Bundesaußenministerin Annalena Baerbock (Grüne) ist am Dienstag zu ihrem ersten Besuch im Golf-Emirat Katar eingetroffen. In der Hauptstadt Doha will sich die Ministerin zunächst mit dem Leiter des Projektbüros der Internationalen Arbeitsorganisation ILO treffen. Vor und während der Fußall-Weltmeisterschaft im vergangenen Jahr hatte die oft schlechte Behandlung der rund 2,6 Millionen ausländischen Arbeitsmigranten in Katar viel internationale Kritik auf sich gezogen. Inzwischen bescheinigt die ILO dem Land Fortschritte bei den Arbeitnehmerrechten.
Baerbocks politische Gespräche mit dem Außenminister und dem Emir von Katar sind für Mittwochvormittag geplant. Dabei soll es auch um die Energiepolitik gehen - Katars Bedeutung als Gaslieferant für Deutschland wächst und wird in den kommenden Jahren noch weiter zunehmen.
Auch um die Krisenherde der Region - vor allem Jemen und Sudan - und um die Lage in Afghanistan soll es in Doha gehen. Der Kleinstaat Katar betreibt eine engagierte regionale Außenpolitik und gilt als gewichtige diplomatische Kraft. Baerbock traf aus Saudi-Arabien kommend in Katar ein.
Als Gastland der Fußball-WM 2022 war Katar international in die Kritik geraten. Arbeitnehmerorganisationen und Menschenrechtsaktivisten bemängelten schwere Rechtsverstöße in dem Emirat, insbesondere bei der Unterdrückung von Frauen und sexueller Minderheiten sowie beim Umgang mit Arbeitsmigranten aus Asien und Afrika in den Bereichen Bau, Sicherheit, Gastgewerbe und Hausarbeit.
Angesichts des internationalen Drucks beschloss das WM-Gastgeberland zwischen 2018 und 2021 mehrere Reformen des Arbeitsmarktes, die von der ILO und internationalen Gewerkschaften mit Anerkennung gewürdigt wurden. Im März 2021 wurde ein Mindestlohn von etwa 270 Euro im Monat eingeführt. Zudem werden Arbeitskräfte nun im Sommer vor Außen-Arbeiten in extremer Hitze zur Mittagszeit geschützt. Des weiteren dürfen Wanderarbeiter inzwischen anders als früher den Arbeitgeber ohne dessen Zustimmung wechseln.

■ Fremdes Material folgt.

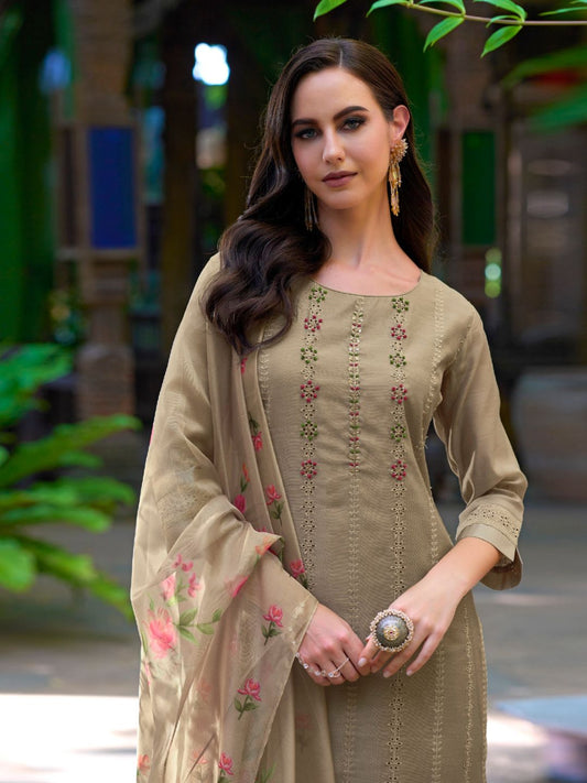 Printed Chanderi Silk Pakistani style Salwar Kameez in Beige Color-71027

Der Fokus richtet sich nun auf die Umsetzung der Reformen. Nichtregierungsorganisationen wie Amnesty International weisen auf Defizite bei der Umsetzung hin. Katar strebt aber offenbar eine weitere Profilierung auf diesem Gebiet an. Der britische "Guardian" berichtete am Dienstag, dass Katars Arbeitsminister Ali bin Said al-Marri den Vorsitz der ILO-Jahreskonferenz im Juni in Genf übernehmen werde.

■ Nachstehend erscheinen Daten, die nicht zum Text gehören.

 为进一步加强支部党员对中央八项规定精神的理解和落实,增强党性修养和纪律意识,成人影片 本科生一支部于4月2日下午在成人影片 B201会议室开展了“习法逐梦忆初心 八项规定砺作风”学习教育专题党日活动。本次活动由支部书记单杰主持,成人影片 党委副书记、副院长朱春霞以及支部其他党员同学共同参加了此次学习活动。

Deutschland und Katar unterhalten intensive Handelsbeziehungen. Im vergangenen Jahr schlossen beiden Länder einen auf 15 Jahre befristeten Vertrag zur Lieferung von Flüssiggas (LNG) ab: Ab 2026 sollen jedes Jahr bis zu zwei Millionen Tonnen LNG an der deutschen Küste angelandet werden.
Die deutschen Exporte nach Katar betrugen 2020 rund 1,1 Milliarden Euro, die Importe beliefen sich auf rund 300 Millionen Euro. Katar ist einer der größten ausländischen Investoren in Deutschland und unter anderem an Volkswagen, der Deutschen Bank, Siemens und Hapag-Lloyd substanziell beteiligt. Im vergangenen Jahr übernahm Katar zehn Prozent des deutschen Energiekonzerns RWE. Für die kommenden Jahre hat Katar weitere umfangreiche Investitionen in Deutschland angekündigt.